20

Apenas cerramos la puerta del faro, una ráfaga helada inauguró la tormenta. Corrimos hacia el hotel. El mar golpeaba contra la muralla de algas, amenazando con demolerla. El hotel era una luz a lo lejos: los objetos bajo la lluvia están más cerca de lo que parece.

En la larga mesa del comedor había algunas sillas ocupadas por traductores que comían pan con manteca y se aburrían.

—Creo que su montgomery no es impermeable —dijo Vázquez, mientras jugaba al solitario en una mesa aparte.

Dejé la campera cerca de la estufa y subí a cambiarme la ropa mojada. Por iniciativa de mi mujer, había llevado un pantalón de más. En mi limitado orbe de predicciones, la lluvia era tan improbable como un eclipse.

Me senté con Vázquez.

—¿Cómo terminó el debate?

—Que hay que traducir solamente novelas con pistoleros sordomudos, para evitar el problema del coloquialismo. Hizo bien en no venir, me aburrí mucho.
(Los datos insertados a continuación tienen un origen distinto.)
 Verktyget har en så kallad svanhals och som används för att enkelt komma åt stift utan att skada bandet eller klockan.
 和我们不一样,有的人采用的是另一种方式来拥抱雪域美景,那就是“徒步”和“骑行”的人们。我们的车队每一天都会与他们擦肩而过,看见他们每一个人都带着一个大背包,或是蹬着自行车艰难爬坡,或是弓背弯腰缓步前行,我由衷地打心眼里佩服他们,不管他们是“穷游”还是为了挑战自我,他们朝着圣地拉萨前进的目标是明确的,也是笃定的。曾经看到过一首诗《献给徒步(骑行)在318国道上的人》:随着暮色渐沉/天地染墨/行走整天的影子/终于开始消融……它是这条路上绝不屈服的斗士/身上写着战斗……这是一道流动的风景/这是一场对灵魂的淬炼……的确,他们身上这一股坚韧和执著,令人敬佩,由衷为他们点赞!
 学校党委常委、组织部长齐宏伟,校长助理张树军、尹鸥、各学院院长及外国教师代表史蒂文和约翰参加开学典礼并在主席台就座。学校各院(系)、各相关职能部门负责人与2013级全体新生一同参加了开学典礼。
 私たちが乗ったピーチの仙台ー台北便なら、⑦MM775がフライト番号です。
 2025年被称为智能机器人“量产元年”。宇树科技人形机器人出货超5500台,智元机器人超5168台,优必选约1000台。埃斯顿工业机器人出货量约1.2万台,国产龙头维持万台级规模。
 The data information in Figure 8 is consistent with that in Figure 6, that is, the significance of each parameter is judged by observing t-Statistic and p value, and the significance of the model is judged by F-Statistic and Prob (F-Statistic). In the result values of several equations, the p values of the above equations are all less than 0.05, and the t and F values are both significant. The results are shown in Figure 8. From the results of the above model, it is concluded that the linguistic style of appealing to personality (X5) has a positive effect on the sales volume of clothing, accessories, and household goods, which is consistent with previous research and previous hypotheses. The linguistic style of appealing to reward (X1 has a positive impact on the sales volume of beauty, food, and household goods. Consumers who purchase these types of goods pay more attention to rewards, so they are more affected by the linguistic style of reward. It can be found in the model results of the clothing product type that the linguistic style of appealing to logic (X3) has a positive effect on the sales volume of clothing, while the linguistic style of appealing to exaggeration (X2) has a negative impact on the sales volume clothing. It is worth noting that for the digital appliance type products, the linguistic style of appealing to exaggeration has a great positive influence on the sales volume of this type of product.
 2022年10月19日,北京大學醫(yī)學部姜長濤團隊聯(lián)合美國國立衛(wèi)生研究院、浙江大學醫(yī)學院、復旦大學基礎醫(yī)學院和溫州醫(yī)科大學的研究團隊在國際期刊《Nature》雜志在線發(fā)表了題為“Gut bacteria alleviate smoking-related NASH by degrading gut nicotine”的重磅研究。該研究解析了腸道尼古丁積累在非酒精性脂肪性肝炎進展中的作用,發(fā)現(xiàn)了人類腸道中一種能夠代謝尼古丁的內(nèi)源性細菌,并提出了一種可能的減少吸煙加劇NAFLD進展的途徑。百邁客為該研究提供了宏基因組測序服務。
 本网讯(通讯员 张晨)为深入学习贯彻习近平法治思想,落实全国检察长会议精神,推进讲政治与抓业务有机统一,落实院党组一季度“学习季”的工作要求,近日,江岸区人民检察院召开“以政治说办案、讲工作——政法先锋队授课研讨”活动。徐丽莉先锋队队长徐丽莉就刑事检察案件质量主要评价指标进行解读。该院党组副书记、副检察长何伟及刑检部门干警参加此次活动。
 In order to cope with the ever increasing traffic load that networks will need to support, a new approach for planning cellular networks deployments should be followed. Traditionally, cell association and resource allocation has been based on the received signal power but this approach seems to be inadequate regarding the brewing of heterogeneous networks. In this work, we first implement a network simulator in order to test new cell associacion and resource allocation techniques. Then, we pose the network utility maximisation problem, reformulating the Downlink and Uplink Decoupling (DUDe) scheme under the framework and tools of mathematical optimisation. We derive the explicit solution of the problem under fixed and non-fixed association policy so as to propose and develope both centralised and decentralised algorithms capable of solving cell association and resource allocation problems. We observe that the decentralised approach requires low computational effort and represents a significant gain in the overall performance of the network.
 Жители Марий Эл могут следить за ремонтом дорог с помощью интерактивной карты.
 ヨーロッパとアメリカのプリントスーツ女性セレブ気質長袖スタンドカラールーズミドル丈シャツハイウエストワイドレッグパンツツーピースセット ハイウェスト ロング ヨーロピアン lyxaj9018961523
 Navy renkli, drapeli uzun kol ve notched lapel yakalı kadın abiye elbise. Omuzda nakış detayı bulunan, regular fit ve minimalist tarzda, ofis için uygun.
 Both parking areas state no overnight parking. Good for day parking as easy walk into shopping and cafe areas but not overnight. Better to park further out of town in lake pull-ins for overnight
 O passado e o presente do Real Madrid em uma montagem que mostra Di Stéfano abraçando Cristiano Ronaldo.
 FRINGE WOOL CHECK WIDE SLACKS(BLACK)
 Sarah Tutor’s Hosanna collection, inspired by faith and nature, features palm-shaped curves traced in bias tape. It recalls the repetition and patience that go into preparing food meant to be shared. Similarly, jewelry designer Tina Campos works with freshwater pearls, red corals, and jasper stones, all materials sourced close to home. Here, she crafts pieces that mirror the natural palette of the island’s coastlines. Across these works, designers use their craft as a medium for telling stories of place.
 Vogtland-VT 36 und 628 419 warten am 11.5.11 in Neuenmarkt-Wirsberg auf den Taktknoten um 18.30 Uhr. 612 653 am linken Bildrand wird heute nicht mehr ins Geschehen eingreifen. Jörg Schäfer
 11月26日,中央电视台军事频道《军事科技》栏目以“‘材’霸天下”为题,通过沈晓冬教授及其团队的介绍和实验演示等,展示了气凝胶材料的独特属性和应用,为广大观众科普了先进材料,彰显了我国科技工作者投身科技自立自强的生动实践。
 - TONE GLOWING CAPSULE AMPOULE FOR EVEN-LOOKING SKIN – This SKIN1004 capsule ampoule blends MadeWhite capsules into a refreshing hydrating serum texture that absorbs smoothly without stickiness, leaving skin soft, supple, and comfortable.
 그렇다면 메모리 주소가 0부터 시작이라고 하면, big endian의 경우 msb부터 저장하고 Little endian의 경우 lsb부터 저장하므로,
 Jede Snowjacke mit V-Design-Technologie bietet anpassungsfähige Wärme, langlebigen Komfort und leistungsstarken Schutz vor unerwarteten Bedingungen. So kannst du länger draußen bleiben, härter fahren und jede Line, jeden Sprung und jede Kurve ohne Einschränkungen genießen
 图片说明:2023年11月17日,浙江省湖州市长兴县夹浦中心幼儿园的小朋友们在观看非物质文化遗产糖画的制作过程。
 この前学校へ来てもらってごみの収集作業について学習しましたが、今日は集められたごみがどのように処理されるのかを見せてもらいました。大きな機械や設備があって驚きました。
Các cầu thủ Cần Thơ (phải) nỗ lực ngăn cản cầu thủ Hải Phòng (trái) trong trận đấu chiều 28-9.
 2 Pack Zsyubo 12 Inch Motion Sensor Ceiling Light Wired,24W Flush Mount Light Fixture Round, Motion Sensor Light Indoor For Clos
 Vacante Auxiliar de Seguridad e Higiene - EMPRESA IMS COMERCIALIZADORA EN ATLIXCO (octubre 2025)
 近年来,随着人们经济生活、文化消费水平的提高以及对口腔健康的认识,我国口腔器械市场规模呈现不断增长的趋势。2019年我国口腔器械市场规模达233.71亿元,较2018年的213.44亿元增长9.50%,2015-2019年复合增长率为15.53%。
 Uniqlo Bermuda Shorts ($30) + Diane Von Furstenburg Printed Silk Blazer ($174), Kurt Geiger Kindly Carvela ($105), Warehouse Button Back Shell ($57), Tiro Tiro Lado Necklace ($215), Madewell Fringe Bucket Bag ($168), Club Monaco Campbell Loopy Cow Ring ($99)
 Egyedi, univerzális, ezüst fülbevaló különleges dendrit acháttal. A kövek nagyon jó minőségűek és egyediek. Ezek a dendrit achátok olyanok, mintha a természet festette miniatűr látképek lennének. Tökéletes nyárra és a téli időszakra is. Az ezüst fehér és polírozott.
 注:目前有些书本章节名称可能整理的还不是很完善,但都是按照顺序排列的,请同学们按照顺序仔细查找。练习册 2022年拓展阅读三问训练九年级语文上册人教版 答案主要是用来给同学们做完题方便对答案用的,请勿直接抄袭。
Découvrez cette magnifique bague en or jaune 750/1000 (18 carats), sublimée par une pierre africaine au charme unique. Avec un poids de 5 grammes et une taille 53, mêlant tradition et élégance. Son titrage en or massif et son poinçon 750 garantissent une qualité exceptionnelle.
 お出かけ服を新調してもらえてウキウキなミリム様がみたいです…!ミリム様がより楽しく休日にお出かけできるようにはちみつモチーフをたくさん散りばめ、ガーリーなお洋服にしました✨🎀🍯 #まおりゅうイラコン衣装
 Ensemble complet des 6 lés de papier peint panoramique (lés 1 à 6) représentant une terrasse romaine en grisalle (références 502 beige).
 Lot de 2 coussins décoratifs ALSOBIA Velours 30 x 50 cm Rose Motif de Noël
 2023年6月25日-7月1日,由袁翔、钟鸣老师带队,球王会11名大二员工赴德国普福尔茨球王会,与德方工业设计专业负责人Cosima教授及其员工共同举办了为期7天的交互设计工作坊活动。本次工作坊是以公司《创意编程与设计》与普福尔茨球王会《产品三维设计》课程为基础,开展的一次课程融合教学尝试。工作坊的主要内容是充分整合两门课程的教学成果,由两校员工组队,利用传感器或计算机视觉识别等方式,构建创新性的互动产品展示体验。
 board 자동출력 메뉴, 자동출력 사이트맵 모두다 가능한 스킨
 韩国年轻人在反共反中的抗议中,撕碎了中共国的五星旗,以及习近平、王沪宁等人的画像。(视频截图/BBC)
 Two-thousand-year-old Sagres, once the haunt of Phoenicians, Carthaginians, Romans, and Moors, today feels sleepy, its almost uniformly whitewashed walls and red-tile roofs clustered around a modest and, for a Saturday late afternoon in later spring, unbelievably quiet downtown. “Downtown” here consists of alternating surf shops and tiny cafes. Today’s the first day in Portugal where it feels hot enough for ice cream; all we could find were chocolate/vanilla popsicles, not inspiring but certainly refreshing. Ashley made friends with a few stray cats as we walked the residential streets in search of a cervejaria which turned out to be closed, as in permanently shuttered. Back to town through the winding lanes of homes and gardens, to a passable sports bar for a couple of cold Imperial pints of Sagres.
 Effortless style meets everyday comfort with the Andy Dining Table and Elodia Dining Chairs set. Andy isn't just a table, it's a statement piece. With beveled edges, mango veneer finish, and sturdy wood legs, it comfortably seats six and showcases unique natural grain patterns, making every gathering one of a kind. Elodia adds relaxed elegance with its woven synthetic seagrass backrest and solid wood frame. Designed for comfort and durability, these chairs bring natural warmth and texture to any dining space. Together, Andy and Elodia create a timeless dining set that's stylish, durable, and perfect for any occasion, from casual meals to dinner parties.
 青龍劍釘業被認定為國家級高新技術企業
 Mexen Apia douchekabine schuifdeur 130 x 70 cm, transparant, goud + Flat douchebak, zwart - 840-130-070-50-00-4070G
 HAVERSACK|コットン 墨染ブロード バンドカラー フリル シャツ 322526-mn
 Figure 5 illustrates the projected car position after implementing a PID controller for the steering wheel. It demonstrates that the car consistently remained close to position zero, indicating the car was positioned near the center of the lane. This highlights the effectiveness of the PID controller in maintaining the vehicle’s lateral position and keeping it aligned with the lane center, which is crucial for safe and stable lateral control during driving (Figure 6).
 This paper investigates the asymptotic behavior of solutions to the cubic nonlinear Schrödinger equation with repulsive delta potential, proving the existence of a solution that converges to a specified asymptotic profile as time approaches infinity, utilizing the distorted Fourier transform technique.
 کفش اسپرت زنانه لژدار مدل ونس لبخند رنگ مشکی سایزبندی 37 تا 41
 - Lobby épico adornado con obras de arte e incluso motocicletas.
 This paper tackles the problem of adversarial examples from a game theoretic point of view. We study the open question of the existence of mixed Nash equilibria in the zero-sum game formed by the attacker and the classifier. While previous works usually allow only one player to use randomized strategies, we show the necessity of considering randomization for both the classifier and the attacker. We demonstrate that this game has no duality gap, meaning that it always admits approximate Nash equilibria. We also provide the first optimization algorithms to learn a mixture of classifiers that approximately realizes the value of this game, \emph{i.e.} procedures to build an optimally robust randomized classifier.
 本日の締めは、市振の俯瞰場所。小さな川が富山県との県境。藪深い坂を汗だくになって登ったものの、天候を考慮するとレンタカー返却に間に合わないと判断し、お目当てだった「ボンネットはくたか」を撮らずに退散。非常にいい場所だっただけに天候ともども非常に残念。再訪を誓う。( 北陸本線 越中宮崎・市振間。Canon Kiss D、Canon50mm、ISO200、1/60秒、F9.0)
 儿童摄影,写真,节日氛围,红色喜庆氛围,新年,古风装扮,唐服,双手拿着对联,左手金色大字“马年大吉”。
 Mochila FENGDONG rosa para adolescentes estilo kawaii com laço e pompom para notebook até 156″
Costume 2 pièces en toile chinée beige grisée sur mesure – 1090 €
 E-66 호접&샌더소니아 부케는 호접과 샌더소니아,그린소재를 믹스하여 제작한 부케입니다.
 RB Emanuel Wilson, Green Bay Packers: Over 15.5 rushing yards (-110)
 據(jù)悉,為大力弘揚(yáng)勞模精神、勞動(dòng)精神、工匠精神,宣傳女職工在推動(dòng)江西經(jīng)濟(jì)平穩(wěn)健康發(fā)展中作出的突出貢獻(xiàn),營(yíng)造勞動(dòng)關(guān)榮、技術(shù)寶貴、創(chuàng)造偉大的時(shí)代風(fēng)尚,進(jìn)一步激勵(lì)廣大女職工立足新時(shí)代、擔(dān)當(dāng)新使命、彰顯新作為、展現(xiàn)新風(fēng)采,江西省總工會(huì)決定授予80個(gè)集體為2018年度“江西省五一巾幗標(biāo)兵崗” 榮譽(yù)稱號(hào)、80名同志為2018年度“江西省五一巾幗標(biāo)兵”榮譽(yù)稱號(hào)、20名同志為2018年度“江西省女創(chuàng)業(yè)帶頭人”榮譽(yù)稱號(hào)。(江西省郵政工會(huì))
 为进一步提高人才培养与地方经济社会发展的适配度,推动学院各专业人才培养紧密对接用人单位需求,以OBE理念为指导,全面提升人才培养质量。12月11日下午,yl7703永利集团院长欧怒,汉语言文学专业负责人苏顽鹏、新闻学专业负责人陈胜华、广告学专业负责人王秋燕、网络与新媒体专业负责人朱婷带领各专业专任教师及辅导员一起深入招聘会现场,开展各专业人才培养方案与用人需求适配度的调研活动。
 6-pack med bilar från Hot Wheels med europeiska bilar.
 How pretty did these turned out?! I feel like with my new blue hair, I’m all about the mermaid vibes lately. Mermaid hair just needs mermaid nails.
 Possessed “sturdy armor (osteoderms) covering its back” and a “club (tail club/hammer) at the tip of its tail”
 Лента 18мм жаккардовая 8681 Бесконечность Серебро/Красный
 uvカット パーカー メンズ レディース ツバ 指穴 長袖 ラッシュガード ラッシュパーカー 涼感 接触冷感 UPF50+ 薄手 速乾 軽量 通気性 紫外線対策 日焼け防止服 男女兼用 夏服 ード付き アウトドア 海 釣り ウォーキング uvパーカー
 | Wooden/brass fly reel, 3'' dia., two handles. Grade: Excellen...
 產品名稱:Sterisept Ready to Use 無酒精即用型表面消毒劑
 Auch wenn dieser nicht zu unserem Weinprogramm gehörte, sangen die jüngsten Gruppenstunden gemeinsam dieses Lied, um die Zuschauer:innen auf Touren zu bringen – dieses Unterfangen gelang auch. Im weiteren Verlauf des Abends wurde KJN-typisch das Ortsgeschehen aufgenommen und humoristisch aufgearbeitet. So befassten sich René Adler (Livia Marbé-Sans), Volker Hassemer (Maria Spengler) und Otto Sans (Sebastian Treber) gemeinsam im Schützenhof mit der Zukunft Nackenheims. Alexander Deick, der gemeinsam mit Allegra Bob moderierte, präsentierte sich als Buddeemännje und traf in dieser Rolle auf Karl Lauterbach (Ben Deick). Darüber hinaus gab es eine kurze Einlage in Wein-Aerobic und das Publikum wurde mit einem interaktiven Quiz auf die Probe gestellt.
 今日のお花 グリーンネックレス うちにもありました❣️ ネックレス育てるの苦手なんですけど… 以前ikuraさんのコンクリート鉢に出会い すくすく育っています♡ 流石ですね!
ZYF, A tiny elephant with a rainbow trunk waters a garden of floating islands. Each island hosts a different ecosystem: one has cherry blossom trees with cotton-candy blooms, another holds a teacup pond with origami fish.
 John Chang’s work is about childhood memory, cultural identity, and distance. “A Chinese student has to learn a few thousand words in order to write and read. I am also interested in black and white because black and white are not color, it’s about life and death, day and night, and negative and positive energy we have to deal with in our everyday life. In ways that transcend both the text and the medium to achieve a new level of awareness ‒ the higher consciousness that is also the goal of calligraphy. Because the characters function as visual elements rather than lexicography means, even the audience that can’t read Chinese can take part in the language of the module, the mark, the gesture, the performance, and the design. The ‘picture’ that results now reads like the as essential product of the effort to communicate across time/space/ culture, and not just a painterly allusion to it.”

—Creí que iba a hablar usted todo el tiempo.

—Hablé yo todo el tiempo, pero igual me aburrí.

Me quedé mirando las cartas. Iba a hacer una sugerencia, pero Vázquez me atajó.

—No se le ocurra decir nada, que no soporto que nadie se meta cuando juego al solitario. Es un verdadero vicio.

—No me diga que es el único.

No podía seguir. Barrió las cartas y me tendió el mazo.

—¿Juega?

—Me aburren los juegos de cartas.

—El solitario no es un juego de cartas. Es un rompecabezas. Piezas desordenadas que hay que ubicar en el lugar preciso.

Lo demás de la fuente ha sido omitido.